Para que os podáis quitar de encima todo el almíbar que he derramado, os confesaré que no todo es risas y bailes en nuestra vida. Disicutimos como todas las parejas, pero hasta para eso hay que tener talento y ella, tras discutir no se siente agusto porque le parece que no somos nosotros y suele pasar por mi lado silbando (mal y con una nota, porque no ha sabido nunca) una cancioncilla tonta; entonjces yo, que soy muy perspicaz, sé que me está mostrando la bandera blanca. Otras veces, cuando no ha habido cancioncilla silbada, cuando me meto en la cama (siempre después que ella) se me abraza por la espalda, a traición, en una suerte de maravillosa traición que busca la paz y el regreso del amor que nunca se había ido.
Tampoco le hace mucha gracia que yo siempre ande por ahí apuntándome a una ronda de aspirinas. Y me pone esa carita de cordera degollada que me parte el alma. Sé que en el fondo me entiende, pero es de "esas" que no quieren pasar ni un segundo más de los extrictamente necesarios sin su amorcito, cenar un bocadillito de sardinas (de luxe, eh, con tomatito, lechuga y mayonesa) y dormirse viendo Anatomía de Gray echada sobre mi costado. A veces incluso acepta ver alguna de mis películas "de chinos" de las mías. Yo sé que a veces echa de menos nuestra cómoda vida de novios, nuestros paseítos por el centro, poco dinero pero mucha ilusión; pero es feliz en su vida de esposa y madre, a pesar de todo lo estresante, cansino y monótono que esta vida conlleva. 
En fin, que jamás la veréis contar un chiste ni pegar una carrera que no sea estrictamente necesaria pero, sin duda, es una bellísima persona, no porque yo lo diga, sino porque siempre está pensando en los demás. LLeva el bolso lleno de cosas por si le hacen falta a los demás, siempre tiene un rato para una amiga, si necesitas lo que sea de ella (que te haga un recado, que te cosa algo, que te cuide a los niños, que te compre tal o cual cosa... lo que sea) ella te lo da.
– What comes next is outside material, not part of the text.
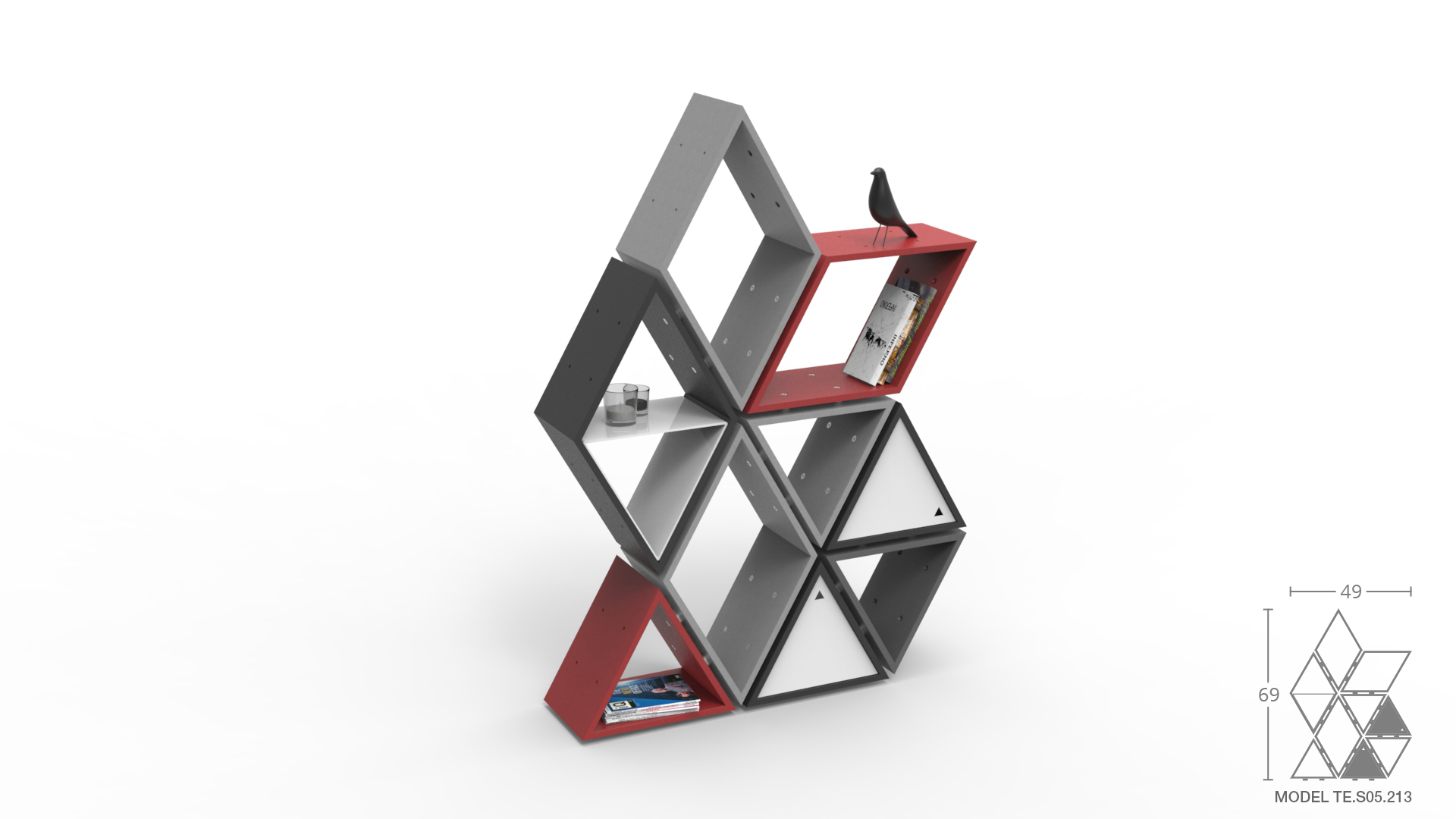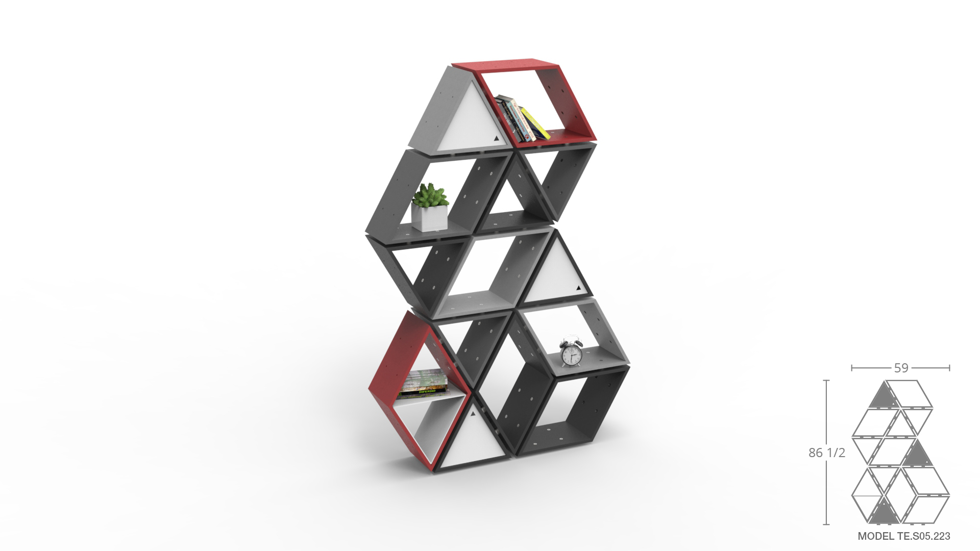 The shelves are composed of durable European Valchromat® product including 4 colors to choose from: light grey, grey, red, and black. For a natural variation, select plywood veneer in walnut or white oak with aluminum banding to create warmth in a room. The Tetra modular system pairs beautifully in plywood with aluminum banding enhancing the modern industrial aesthetic.

A mí me lleva el coche a pasar la ITV, a por mis pastillas al médico, me hace dulces para que lleve al trabajo, mil cosas así...
En fin, que parece que quiero venderla y nada más lejos de la realidad... la quiero sólo para mí.
Por favor, no escuchéis lo que sigue que es sólo para ella:
Amorcito, preciosidad, reina mora, chiquitina mía, te quiero más de lo humanamente posible. Te adoro sobre todas las cosas. Te quiero siempre, en todo momento y sin reparar en la intensidad. Contigo soy el hombre más feliz del mundo y quiero que hoy, en tu 40 cumpleaños tú lo seas también.
¡Lo habéis leído, so cotillas!
Te quiero más que infinito. Un millón de besos.